Comparing Developmental Milestones of Twins

My late wife Zelda was pregnant in 1974! This was our first pregnancy! Zelda was under the care of her obstetrician. 

She visited her doctor for all appointments. Everything was normal.

Hence, on Valentine’s Day, her water broke. With excitement and anxiety, we rushed to the hospital. Like Jackie Gleason said, “AND A--WAY WE GO-O-O-O-!!”

Overjoyed with the news of twins

Zelda needed a Caesarian Section. We were surprised when the doctors told us that they heard two heartbeats. Twins!

“There was no more room in the womb”, I joked. At six weeks prematurely, she delivered our children.

As a matter of fact, Jessie and Lane were born one minute apart! Overjoyed! [So was the layette salesman, who happily doubled the pending order!!]

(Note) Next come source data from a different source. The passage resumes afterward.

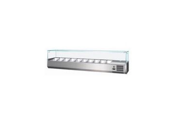 Технические характеристики. Габариты 1800335435 мм. Мощность 1,6 кВт. Напряжение 220 В. Витрина холодильная VRX 1800/330 эк предназначена для компонентов пиццы. Полностью выполнена из нержавеющей стали. Имеется статическое охлаждение, бесшовный испари None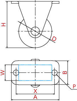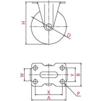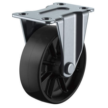 ・取付座がプレート状となっており、ねじやボルトで取付けるタイプのキャスター。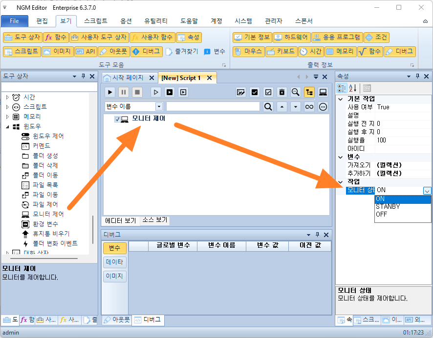안녕하세요. 엔지엠소프트웨어입니다. 엔지엠 에디터에는 시스템 시간 또는 서버 시간에 맞춰서 예약 작업을 실행해주는 기능이 포함되어 있습니다. 물론, 매크로의 기본이 되는 [ 마우스 클릭 ]이나 [ 키보드 입력 ]과 [ 이미지 서치 ], [ 화면 인식 ], [ 픽셀 ], [ 색깔 찾기 ]등등... 많은 기능을 제공하고 있습니다. 우선, 모니터 제어 액션을 사용하면 모니터를 끄거나 킬 수 있고, 대기 모드로 만들수도 있습니다.
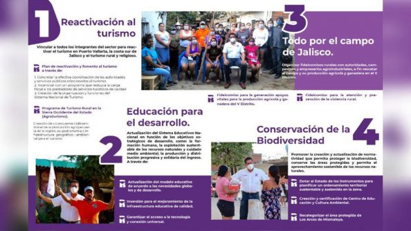 El segundo rubro es “Educación para el Desarrollo” con infraestructura y tecnología para garantizar educación conforme a las necesidades que exige el mundo actual, la tercera “Todo por el Campo de Jalisco” con protección y apoyos para la industria ganadera y agrícola de la región, así como “Conservación de la Biodiversidad” cuyo fin es el desarrollo sin destrucción, para un aprovechamiento sustentable y sostenible de la zona.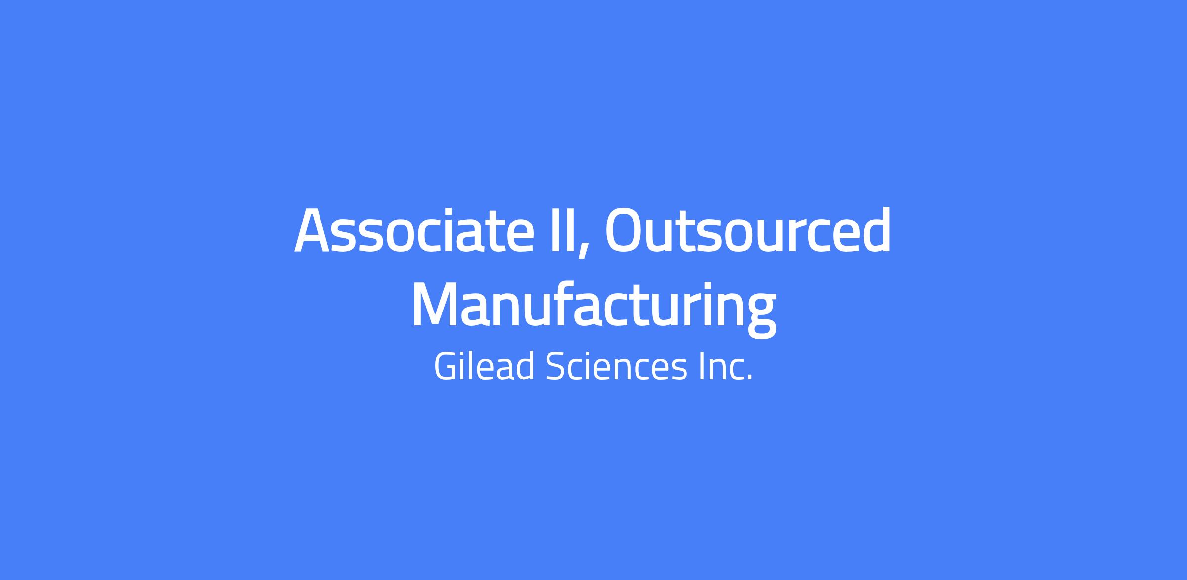 At Gilead, weâre creating a healthier world for all people. For more than 35 years, weâve tackled diseases such as HIV, viral hepatitis, COVID-19 and cancer â working relentlessly to develop therapies that help improve lives and to ensure access to these therapies across the globe. We continue to fight against the worldâs biggest health challenges, and our mission requires collaboration, determination and a relentless drive to make a difference. Every member of Gileadâs team plays a critical role in the discovery and development of life-changing scientific innovations. Our employees are our greatest asset as we work to achieve our bold ambitions, and weâre looking for the next wave of passionate and ambitious people ready to make a direct impact. We believe every employee deserves a great leader. People Leaders are the cornerstone to the employee experience at Gilead and Kite. As a people leader now or in the future, you are the key driver in evolving our culture and creating an environment where every employee feels included, developed and empowered to fulfil their aspirations. Join Gilead and help create possible, together. Job Description Associate II, Global External Manufacturing, Small Molecule Drug Substance The Senior Associate, Global External Manufacturing, Small Molecule Drug Substance (DS) works to support uninterrupted supply of Gileadâs clinical and commercial products through execution of manufacturing campaigns within our global external contract manufacturing network, while ensuring compliance with cGMP, regulatory requirements, and environmental, health, and safety legislations. This position is part of the Manufacturing Operations group within the larger Pharmaceutical Development and Manufacturing organization (PDM). This role requires collaboration with the Development, Quality, Regulatory, Analytical, Supply Chain, and Product & Portfolio Strategy organizations within PDM to ensure successful technology transfer, commercialization, launch, routine supply, and proactive management of changes across the product lifecycle. This position will be based at the Gilead Foster City campus. Responsibilities: Part of the team within Global External Manufacturing to execute the network strategy. Responsible for execution of the business with external manufacturing organizations, and management of supplier performance Effectively collaborates with functions within and external to PDM to achieve corporate, cross functional, and departmental goals Part of the team that influences overall performance of the network CMOs to achieve Gileadâs strategic and tactical business outcomes, including Key Performance Indicators Participates in coordination of inter- and intra-company technical transfers. Executes the regular, tactical management of CMOs to ensure Gileadâs products are manufactured in accordance with the registered process and approved Master Production Record Supports the team to achieve timely resolution of issues associated with manufacturing and/or compliance, including handling of deviations, complaints, out-of-specification investigations, Material Review Board associated investigations, finished product trending, and change control Fosters and facilitates continuous improvement of production and business processes to reduce cost, improve quality, increase efficiency, and ensure sustainability. May represent manufacturing on one or more cross-functional Development or Commercial CMC teams Basic Qualifications: 4+ years of experience in a pharmaceutical/biotech organization and a BA or BS degree in science or engineering, an advanced degree in science or engineering is desirable An MS or MBA degree may be substituted for 1 year of relevant experience The salary range for this position is: $102,085.00 - $132,110.00. Gilead considers a variety of factors when determining base compensation, including experience, qualifications, and geographic location. These considerations mean actual compensation will vary. This position may also be eligible for a discretionary annual bonus, discretionary stock-based long-term incentives (eligibility may vary based on role), paid time off, and a benefits package. Benefits include company-sponsored medical, dental, vision, and life insurance plans*. For additional benefits information, visit: https://www.gilead.com/careers/compensation-benefits-and-wellbeing * Eligible employees may participate in benefit plans, subject to the terms and conditions of the applicable plans. For jobs in the United States: Gilead Sciences Inc. is committed to providing equal employment opportunities to all employees and applicants for employment, and is dedicated to fostering an inclusive work environment comprised of diverse perspectives, backgrounds, and experiences. Employment decisions regarding recruitment and selection will be made without discrimination based on race, color, religion, national origin, sex, age, sexual orientation, physical or mental disability, genetic information or characteristic, gender identity and expression, veteran status, or other non-job related characteristics or other prohibited grounds specified in applicable federal, state and local laws. In order to ensure reasonable accommodation for individuals protected by Section 503 of the Rehabilitation Act of 1973, the Vietnam Era Veterans' Readjustment Act of 1974, and Title I of the Americans with Disabilities Act of 1990, applicants who require accommodation in the job application process may contact ApplicantAccommodations@gilead.com for assistance. For more information about equal employment opportunity protections, please view the 'Know Your Rights' poster. NOTICE: EMPLOYEE POLYGRAPH PROTECTION ACT YOUR RIGHTS UNDER THE FAMILY AND MEDICAL LEAVE ACT Gilead Sciences will not discharge or in any other manner discriminate against employees or applicants because they have inquired about, discussed, or disclosed their own pay or the pay of another employee or applicant. Howev

Comparing developmental achievements of twins

Fast forward ahead 3 months, we saw that Jessie was not meeting Lane’s developmental achievements. To be specific, she was a very "floppy baby” [hypotonia].

Additionally, She couldn’t turn over by herself. Moreover, she was unable to lift her head or hold her bottle by herself.

However, Lane was developing normally. Therefore, I was charting my own control study as to what was typical vs. non-typical development between my children.

We then mentioned these concerns to her pediatrician. He stated, that since they were preemies, Jessie should probably catch up to Lane at 6 months old. Hence, we impatiently waited.

A misdiagnosis for our daughter

As recommended, we took Jessie to a pediatric neurologist, at a premiere New York City hospital, who unfortunately misdiagnosed her.

This doctor based his findings on placing a cloth on her face. Jessie did not remove the cloth. On that 'scientific test,' he told us that our daughter was severely mentally and intellectually handicapped.

This pediatric neurologist incorrectly stated that that was why she couldn’t meet those milestones. Furthermore, he told us to put her into a pediatric nursing home and get along with our lives.

Thankfully, how wrong he was! We started on our long journey of caring for Jessie and trying to find the reason she was so "floppy."

A correct diagnosis of SMA

We needed a second opinion at another hospital. The doctors there said she had a neuromuscular disease. The doctors directed us to the Neuromuscular Disease Center at the NYU Medical Center.

Finally, Jessie received a correct diagnosis of Congenital Hypotonia Benign and Spinal Muscular Atrophy [SMA]. The pediatric neurologist told us about early intervention therapy.

Beginning physical and occupational therapy

This consisted of physical and occupational therapy, twice weekly. It continued for many months at NYU with excellent care.

Subsequently, Jessie received physical and occupational therapy at home. Jessie was then able, for a brief time, to take steps with the aid of braces!

To summarize, Jessie was always treated just like all the other children. In fact, she went to a regular school. She excelled in school. 

There was a reason that we were Jessie's parents

Overall, I felt it was like the Higher Powers that be, chose us to be Jessie’s parents. Consequently, we felt He judged us to be the best family to take care of her needs. [Which we felt was true.]

As noted previously, I compared the developmental milestones between our children to normative data. This gave me a snapshot picture of what was typical vs. non-typical behaviors.

By speaking to our pediatrician about what we saw developmentally, he asked us to make an appointment with a neuro-specialist for further testing.

Missing our daughter

Lastly, many years later, on Jessie's bucket list, was that she wanted to graduate high school. She met her goal and received her diploma.

Sadly, a week later, at 17 years old she passed away. She is sorely missed.

SMA research has come a very long way since 1974. With advances in testing, medical and drug intervention, people are living longer productive lives.